▶ TASK TO COMPLETE
Please reproduce the listing word for word. Pictures stay out.

▶ PROVIDED MATERIAL
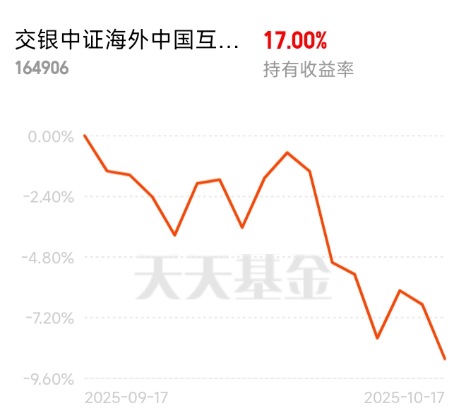 $交银中证海外中国互联网指数(LOF)A$ 最近回调了很多,互联网价值凸显,可以逢低关注了
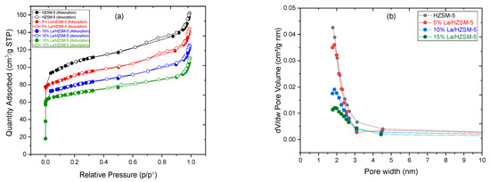 As shown in Figure 5a, based on the IUPAC classification, N2 adsorption–desorption isotherms of the lanthanum-modified zeolite catalysts were found to be of type I isotherms with an H3 hysteresis loop at a high P/P0 region, which is typical of micropore and mesoporous samples [34,60], which is similar to those of the HZSM-5. Moreover, by increasing the lanthanum-loading-weight percentage on the parent HZSM-5 catalyst, the N2 adsorption decreased with the relative pressure in the whole pressure range (P/P0).
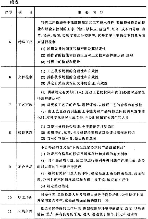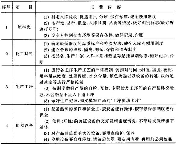 制革厂产品品质控制的项目繁多,内容也相当复杂,兹将控制项目及主要内容列于表4-1。

▶ EXERCISE RESULT
 $交银中证海外中国互联网指数(LOF)A$ 最近回调了很多,互联网价值凸显,可以逢低关注了
 As shown in Figure 5a, based on the IUPAC classification, N2 adsorption–desorption isotherms of the lanthanum-modified zeolite catalysts were found to be of type I isotherms with an H3 hysteresis loop at a high P/P0 region, which is typical of micropore and mesoporous samples [34,60], which is similar to those of the HZSM-5. Moreover, by increasing the lanthanum-loading-weight percentage on the parent HZSM-5 catalyst, the N2 adsorption decreased with the relative pressure in the whole pressure range (P/P0).
 制革厂产品品质控制的项目繁多,内容也相当复杂,兹将控制项目及主要内容列于表4-1。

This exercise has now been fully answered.